CN105047532B - The method that two-dimensional electron gas is obtained in SiC material - Google Patents

Abstract

The invention provides a method for obtaining two-dimensional electron gas in a SiC material, comprising the following steps: Step 1: take a SiC substrate with a (0001) crystal plane; Step 2: take a SiC substrate with a (0001) crystal plane An AlN layer with a crystal plane of (0001) is fabricated on the bottom. The invention can be used in the manufacture of SiC-based switching devices. Compared with existing SiC-based field effect transistors, the invention improves the mobility of channel carriers, thereby reducing the on-state resistance of devices and reducing power consumption.

Description

A method for obtaining two-dimensional electron gas in SiC materials

technical field

The invention relates to a method for obtaining a two-dimensional electron gas, in particular to a method for obtaining a two-dimensional electron gas for SiC materials.

Background technique

The third-generation semiconductor silicon carbide (SiC) is a wide bandgap semiconductor material with excellent physical and electrical properties. It has the characteristics of wide band gap, high breakdown field strength, high thermal conductivity, etc., so it is very suitable for the development of high temperature, high power, high frequency power electronic devices.
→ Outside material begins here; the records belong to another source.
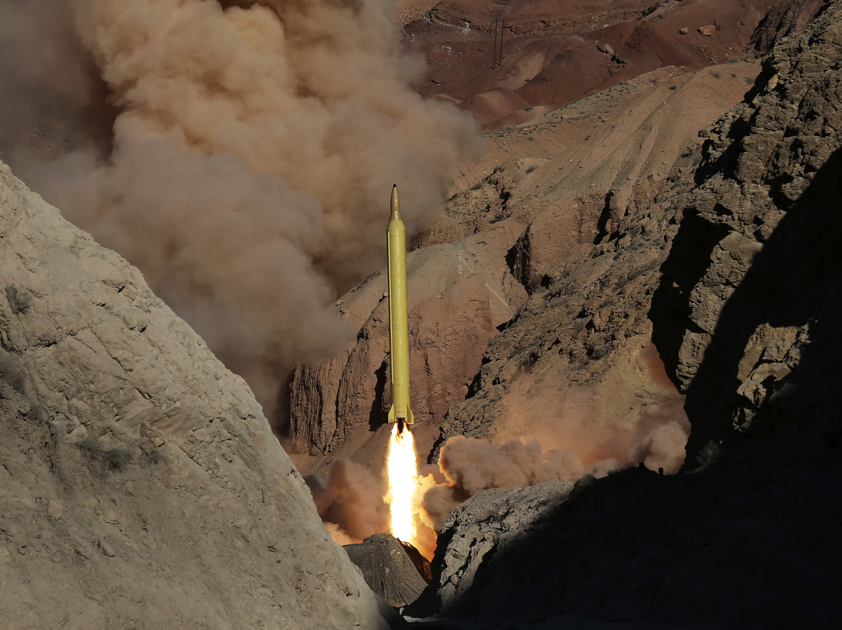 A ballistic surface-to-surface missile is fired by Iran's Revolutionary Guard, during a maneuver, in an undisclosed location in Iran on Wednesday.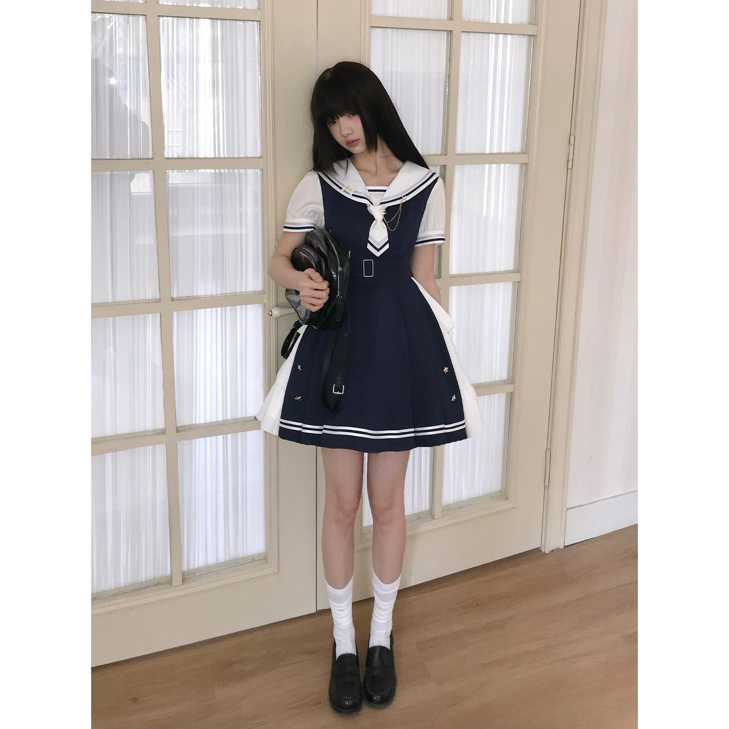 为您提供商品啦啦酱 海军领学院风连衣裙蓝色拼接收腰大裙摆短裙女 京都星光的详细介绍,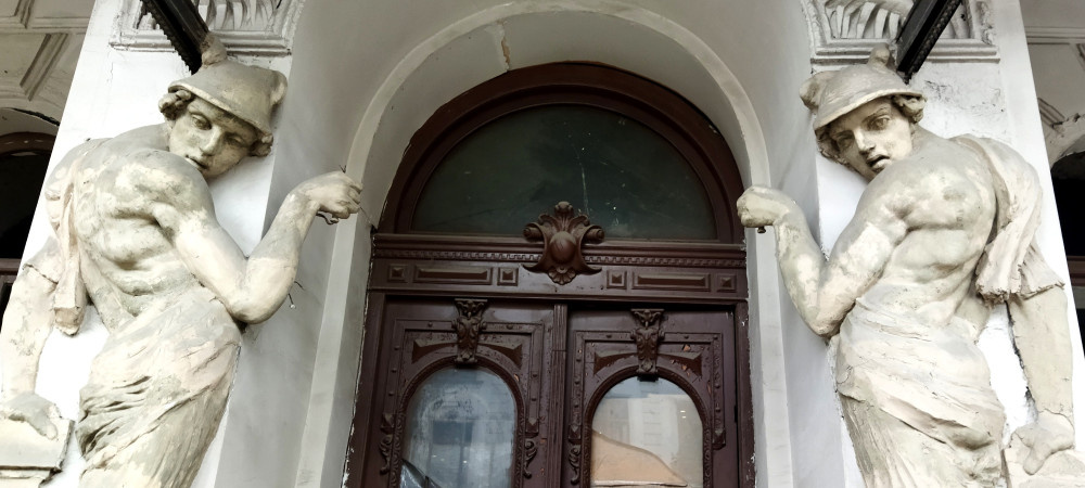 Сегодня я буду размышлять о мусоре. Да, на улицах грузинской столицы я увидела столько мусора, что размышляю о нём до сих пор. Потому что до слёз обидно – красивый город, полный исторических памятников, архитектурного достоинства и величия, покрыт мусором, как нищий бродяга рваным тряпьем… Мусорные кучи, заброшенные здания, помойки, грязные подземные переходы, корявые заборы – всё это, к сожалению, позор старого Тбилиси. И я его осуждаю. Вместе с памятниками. Да, в Тбилиси много памятников, которые, как мне кажется, тоже с большим неодобрением относятся к тому, что творится сейчас на улицах столицы. Вот, например, атланты. На здании бывшей гостиницы. Видно их возмущение и недоумение: они сто лет поддерживают, как могут, одно из красивейших зданий Тбилиси, и что же? Разруха и мерзость запустения вдруг воцарились в их мире. Здание бывшей гостиницы «Ветцель» было построено в 1911 году по проекту немецкого архитектора Леопольда Бильфельда. Трехэтажный красавец-дом с архитектурными украше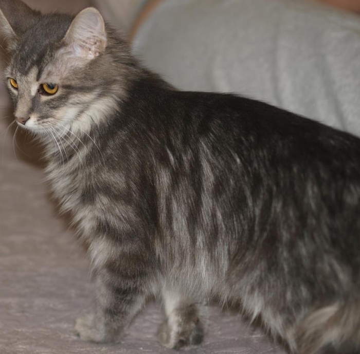 В добрые руки отдаём спасённую с улицы очень пушистую девочку по имени Дымка. Возраст один год. Редкий окрас - голубой мрамор. Игривая , активная , подвижная девочка. Любит играть с другими котиками. Немного пугливая: побаивается незнакомых людей, первое время может не идти на контакт, потом привыкает, с удовольствием сидит на руках и ласкается. Лоток на 5 с плюсом. Здорова, привита.Обращаться к Елене (источник)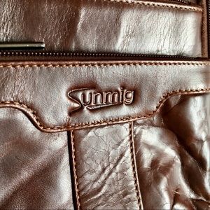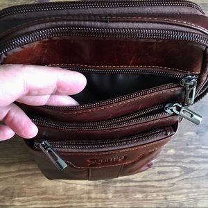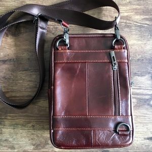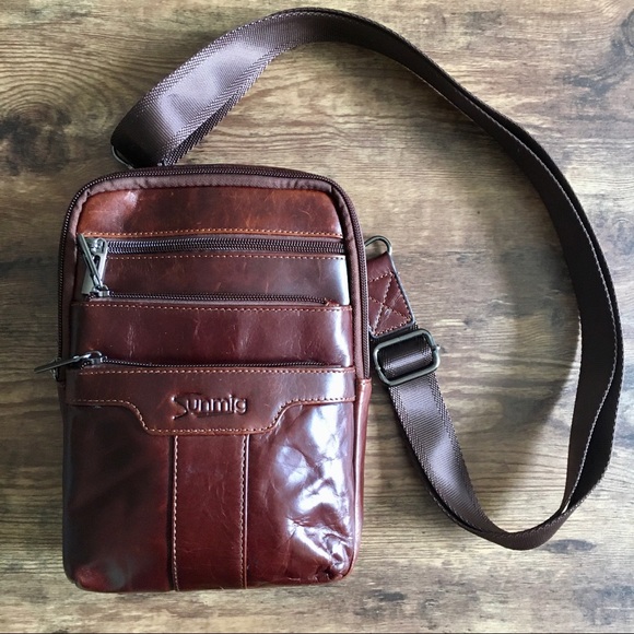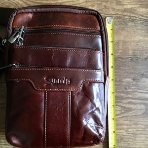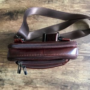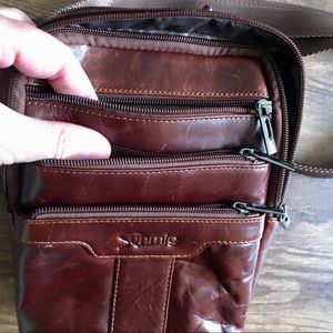 This is a cool crossbody in dark brown faux leather.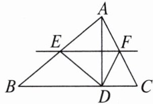 17. 如图,AD是$△ABC$的高线,AD的垂直平分线分别交AB,AC于点E,F,连接DE,DF。

SiC is currently the only compound semiconductor that can be oxidized to form SiO ₂ , but there is a high interface state density at the interface between SiC and SiO ₂ . This is mainly because the device gate oxide is formed by oxidizing SiC. During the oxidation process, the C element in SiC is partially oxidized to form CO and CO ₂ , leaving more interface states between the gate oxide and the SiC substrate, and the remaining Some C elements failed to oxidize, forming C clusters, making the interface quality between gate oxide and SiC substrate not as high as SiO ₂ and SiC. These interface states not only reduce the conductive carriers in the channel of SiC-based MOS devices, but also form scattering centers to further reduce the channel mobility, resulting in high on-resistance and low operating frequency of the device. Even if there are devices such as JFETs to avoid MOS interfaces, since the diffusion coefficient of impurities in SiC is very low, it is often doped by ion implantation, and the activation temperature of implanted ions is quite high, which will cause large crystal damage. Thus the mobility is not high enough. This requires the search for a new SiC-based carrier-conducting interface that enables the generation of high-density, high-mobility channel carriers.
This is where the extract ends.